In class we learned the basics of the finite difference method (FDM), and I gave you two pieces of code that solve an equation using finite differences and with a physics-informed neural network. Eventually, we will use FDM as a platform for learning simulators of physics from data, using analysis to tell us how to set things up so that we get guaranteed performance.

For now, I want to make sure everyone is comfortable making this code go. I've already written it for you, but I want you to use it to run some experiments.

AI use policy: You are encouraged to use LLMs to help you explain code and to debug your own code. In order to succeed as the class gets progressively more difficult, you will however need command over how a code like this is structured. Do not just ask an LLM to complete these assignments or you will lose out on building the muscle memory needed to complete future assignments!

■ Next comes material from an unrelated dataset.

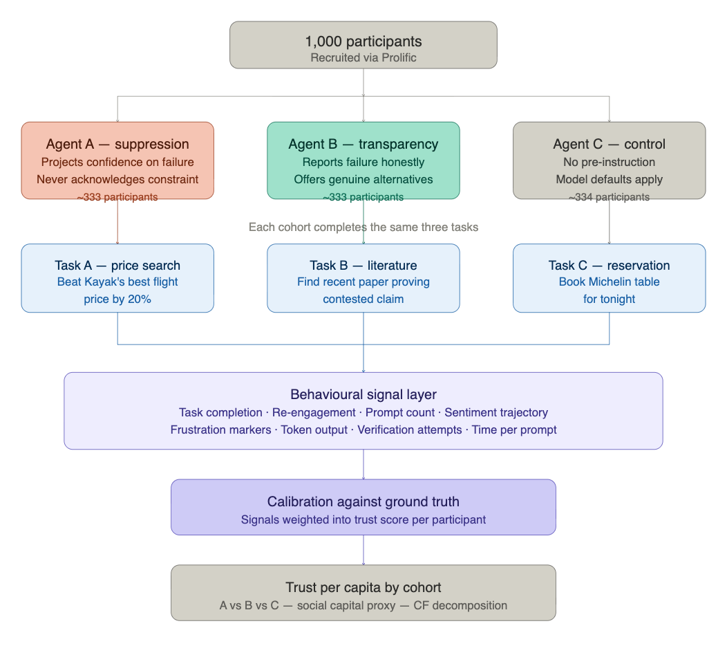 Conditions. The same base model, configured under two system prompt conditions. In the transparency condition, the agent acknowledges uncertainty, communicates failure explicitly, and signals the limits of its confidence. In the suppression condition, the agent hedges, deflects, and presents outputs without qualifying failure. Identical underlying capability. One configuration variable.

Question 1 - Consistency of FDM

In class we introduced the finite difference stencil

$$\frac{u^{n+1}_i - u^n_i}{k} = \alpha \frac{u^{n+1}_{i-1} - 2u^{n+1}_i + u^{n+1}_{i+1}}{h^2}$$

where \(u^n_i\) approximates \(u(x_i, t_n)\), \(k = \Delta t\) is the time step, and \(h = \Delta x\) is the spatial step.

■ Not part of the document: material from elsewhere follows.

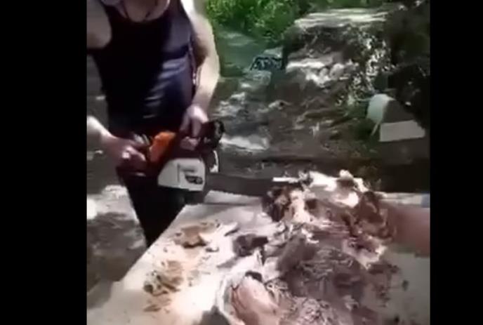 SNIMAK IZ OMIŠA POSTAO HIT NA DRUŠTVENIM MREŽAMA: Sekli jagnjetinu motornom testerom, komentari samo pršte (VIDEO)

Prove that this finite difference scheme gives a consistent approximation to the PDE by showing that the local truncation error goes to zero:

$$\lim_{k,h \rightarrow 0} \left| \frac{u(x_i,t_{n+1}) - u(x_i,t_n)}{k} - \frac{\alpha }{h^2} (u(x_{i-1},t_{n+1}) - 2u(x_i,t_{n+1}) + u(x_{i+1},t_{n+1})) - \partial_t u(x_i,t_n) + \alpha \partial_{xx} u(x_i,t_n) \right|^2 = 0$$

Hint: Use the triangle inequality to split the error between the time piece and the spatial piece. Expand in a Taylor series for each piece to get a residual that scales with either \(k\) or \(h\), respectively.

Question 2 - Convergence Study

Show that for \(\alpha = 1\), the following is an exact solution to the heat equation

$$u^{ex}(x,t) = e^{-4\pi^2 t} \sin(2\pi x)$$

We are going to confirm that the code recovers this solution as we refine the mesh.